Away he went, perhaps too numb to realize yet what kind of hell he was heading for. Well, he'd find out pretty damn quick. The only thing that excused a plot was winning. Failure brought its own punishment.

Jake went out into the antechamber. Lulu sat at her desk as calmly as if two Army men didn't lie dead not ten feet away. "I knew you'd take care of that foolishness, Mr. President," she said. "Shall we call somebody to get rid of this carrion?"

"Mm-not quite yet," Featherston answered. "Let me bring in some more men I'm sure I can count on." The worst thing about having somebody mount a coup was being unable to trust the people around you afterwards.

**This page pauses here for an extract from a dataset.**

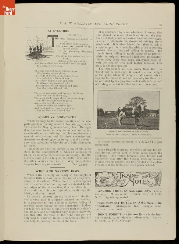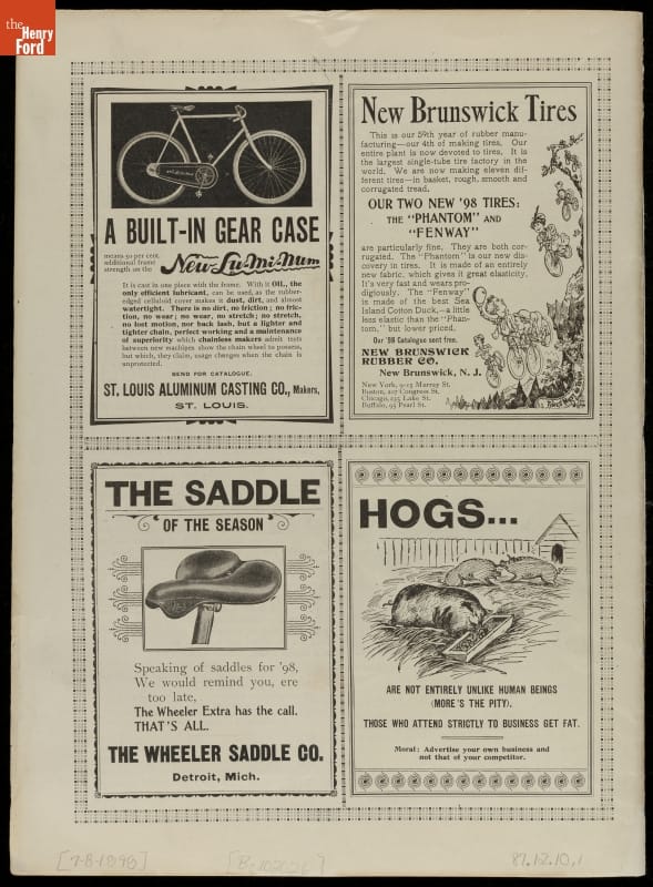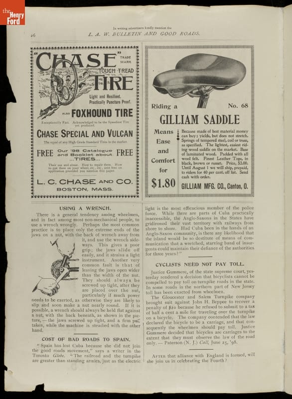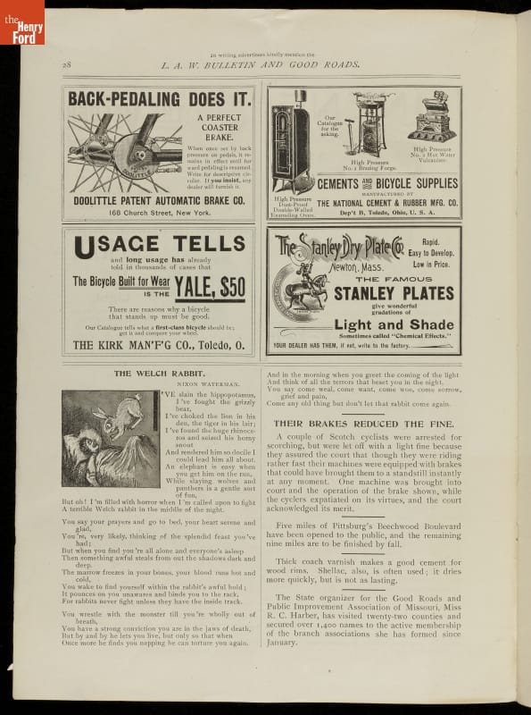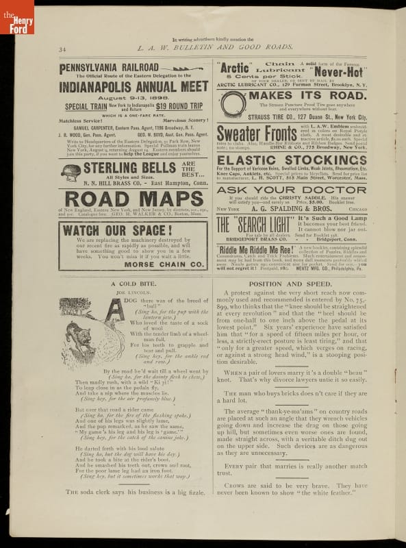 The League of American Wheelmen produced a weekly journal to promote good roads, and to highlight other issues of interest to American cyclists. This typical issue, from July 1898, contained news about the organization and its members. The journal also provided tour and safety information, poems, snapshots, and a host of bicycle advertisements for readers to enjoy.

But if he couldn't count on the Freedom Party Guards, he couldn't count on anybody-and if he couldn't count on anybody, Nathan Bedford Forrest III's strike would have worked like a charm. Jake went back to the telephone on his desk. Had Forrest had the brains to suborn the operator and keep the President from getting hold of loyal troops? That might make things dicey, even now.

But no. Within a minute, Featherston was talking with a regimental commander named Wilcy Hoyt, who promised to secure the Gray House grounds with his troops. "Freedom!" Hoyt said fervently as he rang off.

Would the men who backed Forrest fight? Would they try to take Jake out, reckoning it was their best chance? In their shoes, Featherston would have done that. He still had his.45. But the pistol was there to protect him against a visitor who turned out to be an assassin. It wouldn't help much against a squad of soldiers determined to do him in.

As soon as he got off the telephone with Hoyt, he went out and grabbed an automatic rifle from one of the dead guards. Even that wouldn't do him as much good as he wished, but it was better than the pistol. If he had to go down, he aimed to go down fighting.

"Will there be more shooting, Mr. President?" Lulu asked.

"Well, I don't know for sure, but there may be," Jake answered.

"Hand me that other rifle, then," his secretary said.

Featherston stared at her as if she'd suddenly started speaking Swahili. "You know how to use it?"

"Would I ask if I didn't?" she said.